[Tutor] Newbie Here -- Averaging & Adding Madness Over a Given (x) Range?!?!

Thu Feb 14 23:01:05 CET 2013

On 02/14/2013 03:55 PM, Michael McConachie wrote:
> Hello all,
>
> This is my first post here.  I have tried to get answers from StackOverflow, but I realized quickly that I am too "green" for that environment.  As such, I have purchased Beginning Python (2nd edition, Hetland) and also the \$29.00 course available from learnpythonthehardway(dot)com.  I have been reading fervently, and have enjoyed python -- very much.  I can do all the basic printing, math, substitutions, etc.  Although, I am stuck when trying to combine all the new skills I have been learning over the past few weeks.  Anyway, I was hoping to get some help with something NON-HOMEWORK related. (I swear.)
>
> I have a task that I have generalized due to the nature of what I am trying to do -- and it's need to remain confidential.
>
> My end goal as described on SO was: "Calculating and Plotting the Average of every (X) items in a list of (Y) total", but for now I am only stuck on the actual addition, and/or averaging items -- in a serial sense, based on the relation to the previous number, average of numbers, etc being acted on.  Not the actual plotting. (Plotting is pretty EZ.)
>

If you're stuck on the addition, why give us all the other parts?  Your
problem statement is very confused, and you don't show much actual code.

> Essentially:
>
> 1.  I have a list of numbers that already exist in a file.  I generate this file by parsing info from logs.
> 2.  Each line contains an integer on it (corresponding to the number of milliseconds that it takes to complete a certain repeated task).
> 3.  There are over a million entries in this file, one per line; at any given time it can be just a few thousand, or more than a million.
>
>     Example:
>     -------
>     173
>     1685
>     1152
>     253
>     1623

So write a loop that reads this file into a list of ints, converting
each line.  Then you can tell us you've got a list of about a million ints.

>
> Eventually what I'll need to do is:
>
> 1.  Index the file and/or count the lines, as to identify each line's positional relevance so that it can average any range of numbers that are sequential; one to one another.
> 2.  Calculate the difference between any given (x) range.  In order to be able to ask the program to average every 5, 10, 100, 100, or 10,000 etc. --> until completion.  This includes the need to dealing with stray remainders at the end of the file that aren't divisible by that initial requested range.
>
> (ie: average some file with 3,245 entries by 100 --> not excluding the remaining 45 entries, in order to represent the remainder.)
>
> So, looking above, transaction #1 took "173" milliseconds, while transaction #2 took 1685 milliseconds.
>
> Based on this, I need to figure out how to do two things:
>
> 1.  Calculate the difference of each transaction, related to the one before it AND record/capture the difference. (An array, list, dictionary -- I don't care.)
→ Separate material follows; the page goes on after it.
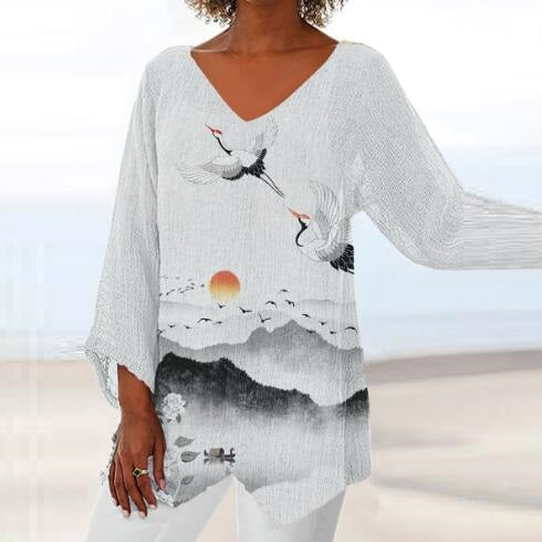 Top Cristina cu imprimeu 3D și decolteu în V - Inspirat din natură

What difference, what transaction, related how?

> 2.  Starting with the very first line/entry, count the first (x number) and average (x).  I can obtain a "Happy medium" for what the gradient/delta is between sets of 100 over the course of the aggregate.

What's an x-number?  What, what, which, who ?

>
>     ie:
>     ---
>     Entries 1-100 = (eventualPlottedAvgTotalA)
>     Entries 101-200 = (eventualPlottedAvgTotalB)
>     Entries 201-300 = (eventualPlottedAvgTotalC)
>     Entries 301-400 = (eventualPlottedAvgTotalD)
>
>>From what I can tell, I don't need to indefinitely store the values, only pass them as they are processed (in order) to the plotter. I have tried the following example to sum a range of 5 entries from the above list of 5 (which works), but I don't know how to dynamically pass the 5 at a time until completion, all the while retaining the calculated averages which will ultimately be passed to pyplot at a later time/date.
>
> What I have been able to figure out thus far is below.
>
> ex:
>
>     Python 2.7.3 (default, Jul 24 2012, 10:05:38)
>     [GCC 4.7.0 20120507 (Red Hat 4.7.0-5)] on linux2
>     >>> plottedTotalA = ['173', '1685', '1152', '253', '1623']
>     >>> sum(float(t) for t in plottedTotalA)
>     4886.0
>
> I received 2 answers from SO, but was unable to fully capture what they were trying to tell me.  Unfortunately, I might need a "baby-step" / "Barney-style" mentor who is willing to guide me on this.  I hope this makes sense to someone out there, and thank you in advance for any help that you can provide.  I apologize in advance for being so thick if its uber-EZ.
>
>

If you want to make a sublist out of the first 2 items in a list, you
can use a slice  (notice the colon):

allvalues = [ 173, 1685, 1152, 263, 1623, 19 ]
firsttwo = allvalues[0:2]

To get the 3rd such sublist, use
othertwo = allvalues[4:2]

If you've made such a list, you can readily use sum directly on it:
mysum = sum(othertwo)